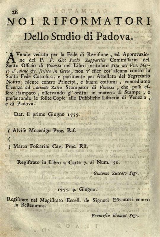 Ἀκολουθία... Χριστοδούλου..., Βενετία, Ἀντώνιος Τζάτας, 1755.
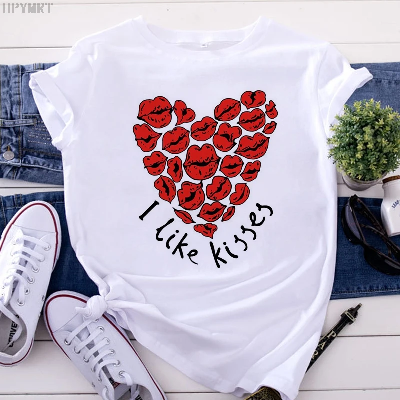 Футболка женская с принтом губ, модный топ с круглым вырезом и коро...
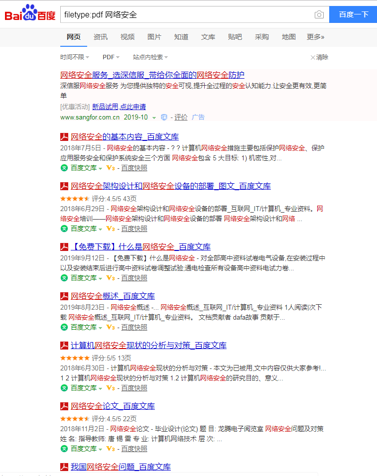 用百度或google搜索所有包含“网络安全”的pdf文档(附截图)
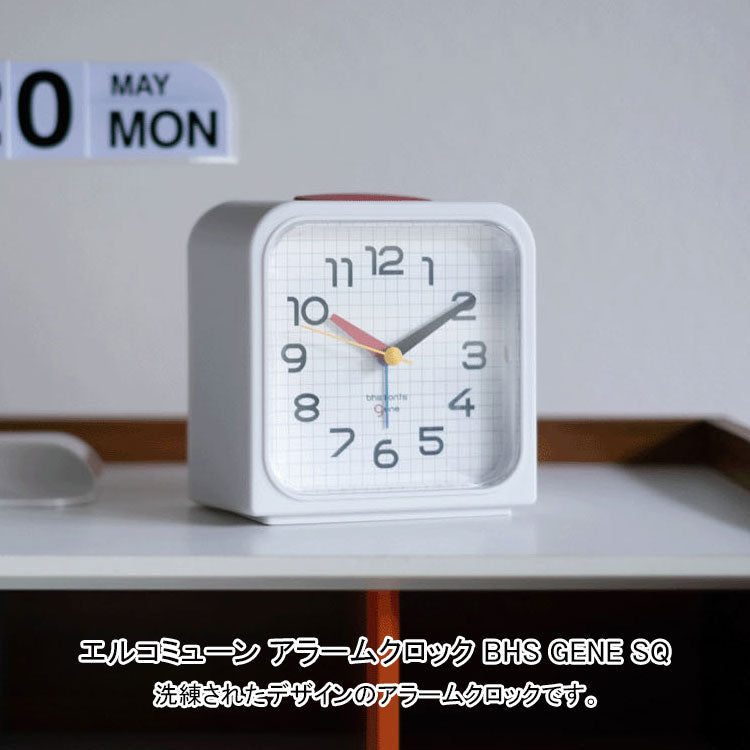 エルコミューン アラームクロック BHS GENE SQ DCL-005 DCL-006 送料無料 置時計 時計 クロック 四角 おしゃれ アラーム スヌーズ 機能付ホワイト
--
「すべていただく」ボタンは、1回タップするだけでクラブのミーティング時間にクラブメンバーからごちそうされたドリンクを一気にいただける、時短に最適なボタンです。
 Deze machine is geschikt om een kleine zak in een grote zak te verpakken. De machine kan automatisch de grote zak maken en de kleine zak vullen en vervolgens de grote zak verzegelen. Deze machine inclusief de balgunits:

### What this task involves:
Would you give again, exactly, the lines in the data above that run from the line containing "Футболка женская с" to the line containing "エルコミューン アラームクロック BHS"? Include both ends and no pictures.

### Final answer:
 Футболка женская с принтом губ, модный топ с круглым вырезом и коро...
 用百度或google搜索所有包含“网络安全”的pdf文档(附截图)
 エルコミューン アラームクロック BHS GENE SQ DCL-005 DCL-006 送料無料 置時計 時計 クロック 四角 おしゃれ アラーム スヌーズ 機能付ホワイト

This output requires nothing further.